Remix.run Logo
supermatt 15 hours ago

I note the lack of human portraits in the example cases.

My experience with all these solutions to date (including whatever apple are currently using) is that when viewed stereoscopically the people end up looking like 2d cutouts against the background.

I haven't seen this particular model in use stereoscopically so I can't comment as to its effectiveness, but the lack of a human face in the example set is likely a bit of a tell.

Granted they do call it "Monocular View Synthesis", but i'm unclear as to what its accuracy or real-world use would be if you cant combine 2 views to form a convincing stereo pair.

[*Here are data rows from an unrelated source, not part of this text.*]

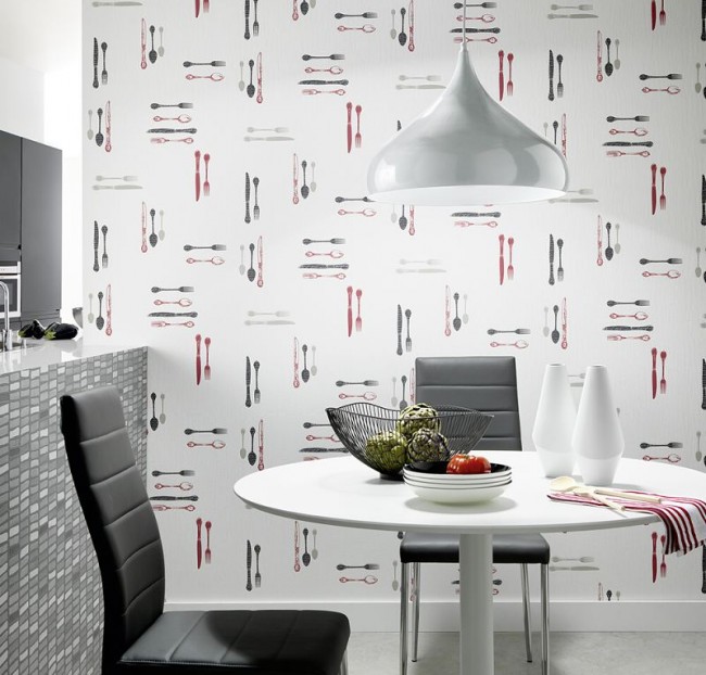 - Beim häufigen Kochen an den Wänden färbt sich eine Vielzahl von Produkten. In der Kochzone ist eine regelmäßige Nassreinigung unter Verwendung von Reinigungsmitteln erforderlich, da Fettflecken mit gewöhnlichem Wasser schwer zu entfernen sind. Auch in der Küche kann sich eine erhöhte Luftfeuchtigkeit und eine ständige Wechselwirkung mit Flüssigdämpfen nachteilig auf das Erscheinungsbild der Tapete auswirken. Daher empfiehlt es sich, feuchtigkeitsfeste und abwaschbare Tapeten für die Küche zu wählen.
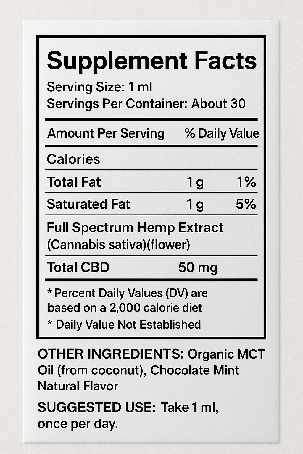 IntegMeds Pure CBD Extract delivers 50 mg of full-spectrum CBD per serving to support relaxation, stress relief, sleep quality, and overall wellness. Infused with a natural chocolate mint flavor and blended with organic MCT oil for optimal absorption, it is Non-GMO, Gluten-Free, Kosher, and manufactured in FDA & GMP-certified facilities for premium quality and safety.
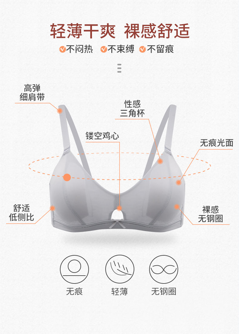 贝佳人新品光面无钢圈内衣薄款无痕聚拢少女学生文胸BW952112

sorenjan 15 hours ago | parent [-]

They're using their Depth Pro model for depth estimation, and that seems to do faces really well.

https://github.com/apple/ml-depth-pro

https://learnopencv.com/depth-pro-monocular-metric-depth/

supermatt 15 hours ago | parent [-]

Im not sure how the depth estimation alone translates into the view synthesis, but the current implementation on-device is definitely not convincing for literally any portrait photographs I have seen.

True stereoscopic captures are convincing statically, but don't provide the parallax.

sorenjan 12 hours ago | parent [-]

Good monocular depth estimation is crucial if you want to make a 3D representation from a single image. Ordinarily you have images from several camera poses and can create the gaussian splats using triangulation, with a single image you have to guess z position for them.

Someone 6 hours ago | parent [-]

For selfies, I think iPhones with Face ID use the TrueDepth camera hardware to measure Z position. That’s not full camera resolution, but it will definitely help.